#### [Work required]
Quote, word for word, the line containing "Most interesting fact" and all lines that follow it to the end of the records, with no pictures.

Stored entries:

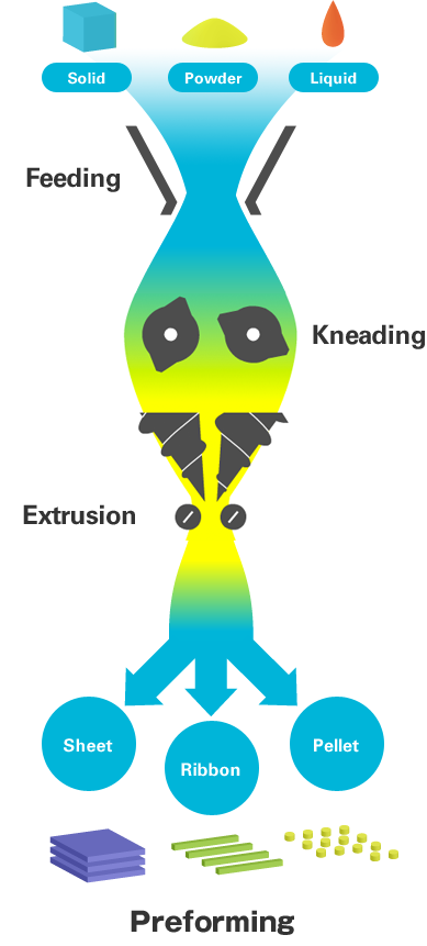 The science & technology behind kneading processes is highly subtle and complex, with results varying according to the materials and process conditions. New materials of today & tomorrow can be mixed in unlimited combination and for an endless array of applications.
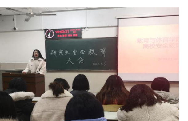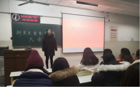 (通讯员 苏春来)为了学生安全着想,1月6日晚7时许,德赢官网在12教104教室举办了研究生“寒假安全教育大会”。此次与会的人员有辅导员任雯婷以及全体研究生,主讲人为邵倩。
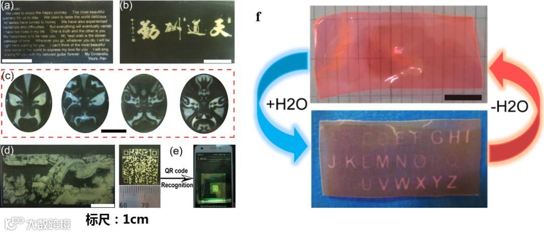 图2. 利用GE-DLP 构筑的任意水凝胶图案(a)精细文本,(b)中文书法,(c)川剧变脸,(d)《清明上河图》和(e)快速识别码(QR-code)及水化和去水化过程中的可逆显现。
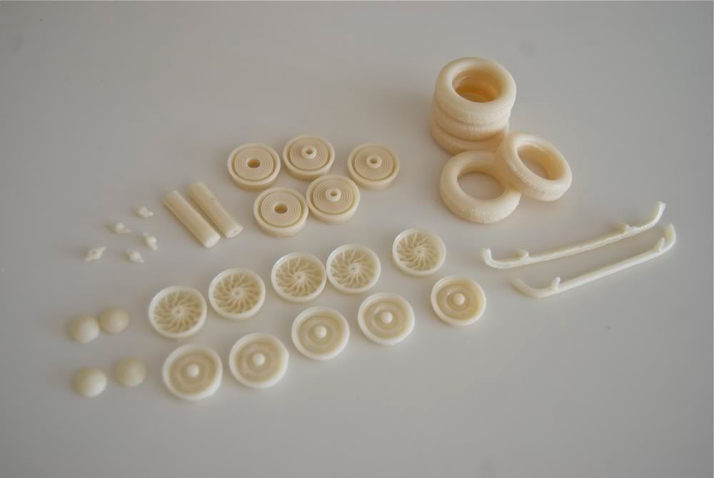 Most interesting fact is that wheels are also resin, including tires. Wire wheels are modified copies of Academy 250LM wheels, but there are also steel wheels that were fitted to the car at some point, so you could choose. There are alos bumpers, exhausts, and brake drums, plus few other little bits.
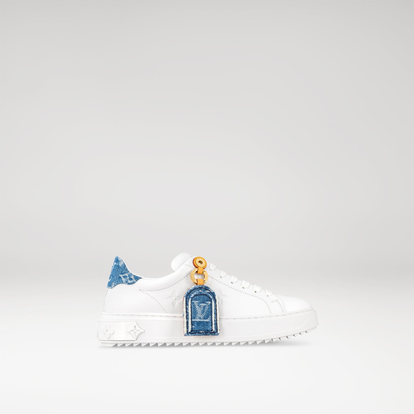 カーフレザーにモノグラム・デニムのディテールを添えてアップデートした「タイムアウト・ライン スニーカー」。今シーズンのレザーグッズとのコーディネートもおすすめです。ヌメ革のストラップでアッパーに取付けたデニムのラゲージタグが、ルイ・ヴィトンの旅の伝統を想わせます。刻印を施したゴールドカラーのアイレットやシュータンにエンボス加工したメゾンのシグネチャーなど、洗練されたディテールをあしらいました。

#### [Exercise result]
 Most interesting fact is that wheels are also resin, including tires. Wire wheels are modified copies of Academy 250LM wheels, but there are also steel wheels that were fitted to the car at some point, so you could choose. There are alos bumpers, exhausts, and brake drums, plus few other little bits.
 カーフレザーにモノグラム・デニムのディテールを添えてアップデートした「タイムアウト・ライン スニーカー」。今シーズンのレザーグッズとのコーディネートもおすすめです。ヌメ革のストラップでアッパーに取付けたデニムのラゲージタグが、ルイ・ヴィトンの旅の伝統を想わせます。刻印を施したゴールドカラーのアイレットやシュータンにエンボス加工したメゾンのシグネチャーなど、洗練されたディテールをあしらいました。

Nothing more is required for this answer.